How dare you suggest that people who spend their good American money to see a movie don't have the right to be who they are?  If they are loud, vulgar, uncivil and whatever else - perhaps you need to be more understanding of their situation, and of course, their human RIGHT to be loud, vulgar and uncivil.

What makes you think that ANYONE has the responsibility to make YOUR movie-viewing experience more enjoyable?  

Try offering the lady with the screaming baby $20 to JUST GO HOME. Bet that works. ;)
January 7, 2009 11:40 PM
 

prmedia said:

"What makes you think that ANYONE has the responsibility to make YOUR movie-viewing experience more enjoyable?"

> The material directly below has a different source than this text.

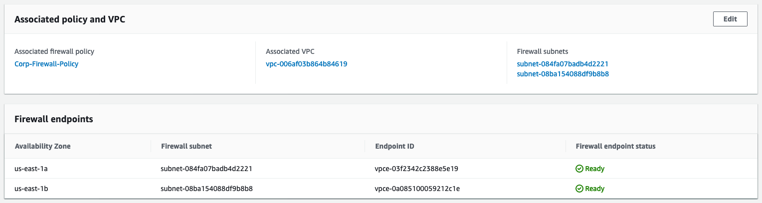 Depois que o firewall estiver no estado pronto (Ready), você poderá ver os IDs de endpoint dos endpoints do firewall, conforme mostrado na Figura 8. Os IDs de endpoint são necessários ao atualizar as tabelas de rotas da VPC.
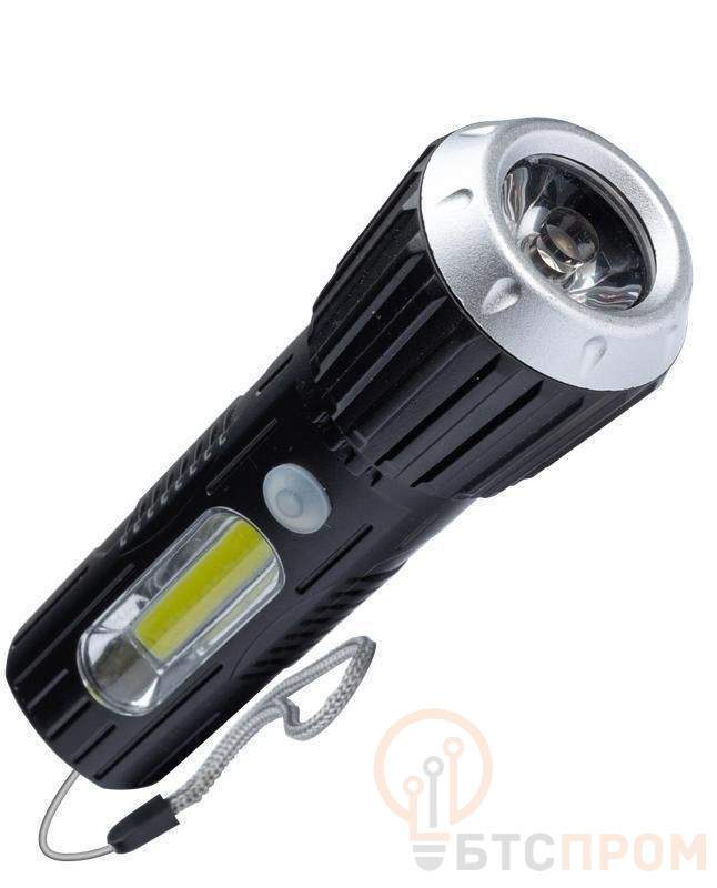Фонарь аккумуляторный ручной LED 1Вт + COB 2Вт коллим линза аккум. Li-ion 18650 1А.ч USB-шнур ABS-пластик КОСМОС KOS114Lit

As human beings we all deserve a certain amount of respect toward each other regardless of how much money they have spent or their situation.
January 8, 2009 1:01 AM
 

Mike Scott said:

PR:  I suspect "Uncle Ricky" was being slightly sarastic with his comments.  Do you believe we had more crying baby problems last night at the "Gran Torino" screening?  Guess it's just not my week.  <sigh>
January 8, 2009 6:21 AM
 

Carole said:

Oh yeah - "Gran Torino" is exactly the movie I would want to take my infant to! In FACT, I'm expecting a grandbaby here in a few months. I think I'll start planning NOW for those special grandma/grandbaby bonding times in the theaters!

Sorry your movie viewing's been a less than rewarding experience lately, Mike. I know how frustrating it can be.

Uncle Ricky, you made me laugh. Thanks!
January 8, 2009 8:50 AM
 

JennyToste47 said:

I'd like to add that crying baby at "Gran Torino" was taken out of the theater THREE times.. each time crying as they walked ALL the way across the theater!

Hey, if you're going to come back inside, then stand back in the hallway, where you can quickly exit. NO excuse!

About kids in restaurants--SO annoying. You can't even go to Denny's on a Sunday morning. And the parents think it's fine! (Yes, the 3-, 4-, 5-year-olds who like to run & scream).

But you know what I don't understand? Parents who suddenly expect their kids to sit still and be good for an hour, when they've NEVER done that before! Hey, at least bring crayons! My mom ALWAYS had a coloring book on her, or at least a pen & paper!
January 8, 2009 11:41 AM
 

Mike Scott said:

I always wonder - don't these parents remember the days - before they had kids - how irritating it was to deal with crying babies in theaters???  How quickly people forget...  <sigh>
January 8, 2009 12:03 PM
 

zara47 said:

Not all of us! And if I ever show signs of slipping, I expect you to reign me in, Mike. Quickly!
January 8, 2009 1:13 PM
 

Mike Scott said:

Obviously this whole topic has touched a nerve with people.  This blog post has had more than 200 hits since it went up yesterday!  I think that's a new record for us!  And it shows how many people are upset - about things like crying babies, and cell phones ringing at the movies.
January 8, 2009 1:25 PM
 

Mike Scott's Blog : Crying babies at movies… <grrrrr> | All For Your Babies said:

August 25, 2009 1:01 AM
 

Nicholas0311 said:

Hey   Mike      I   RIDE  THE   FRESNO  AREA  EXPRESS   EVERY DAY      And    The   Same   Thing    Happens   On  The  Bus  As  WELL  NOT Just  IN MOVIE  THEATHERS  OR  DEPARTMENT  STORES     The   Wrose  Of  IT   ALL    Happens    On   Bus #  9   And   I   Can   Tell   You     it   Could    Get   Very   Annoying   And    That  is   Why    I  AM  TRYING  TO   AVOID  THE   MOVIE   THEATHER    ALL   TOGETHER    
November 5, 2009 4:56 AM
 

Mike Scott said:

It's really too bad that some people have stopped going to the movies, simply because other people insist on taking their babies to the theater.  I appreciate those parents who immediately take their babies outside when they begin to whimper.  But I truly resent it when a parent just sits there - while their baby screams and cries.  How ignorant do you have to be - NOT to realize that you're ruining the movie for everyone else in the auditorium???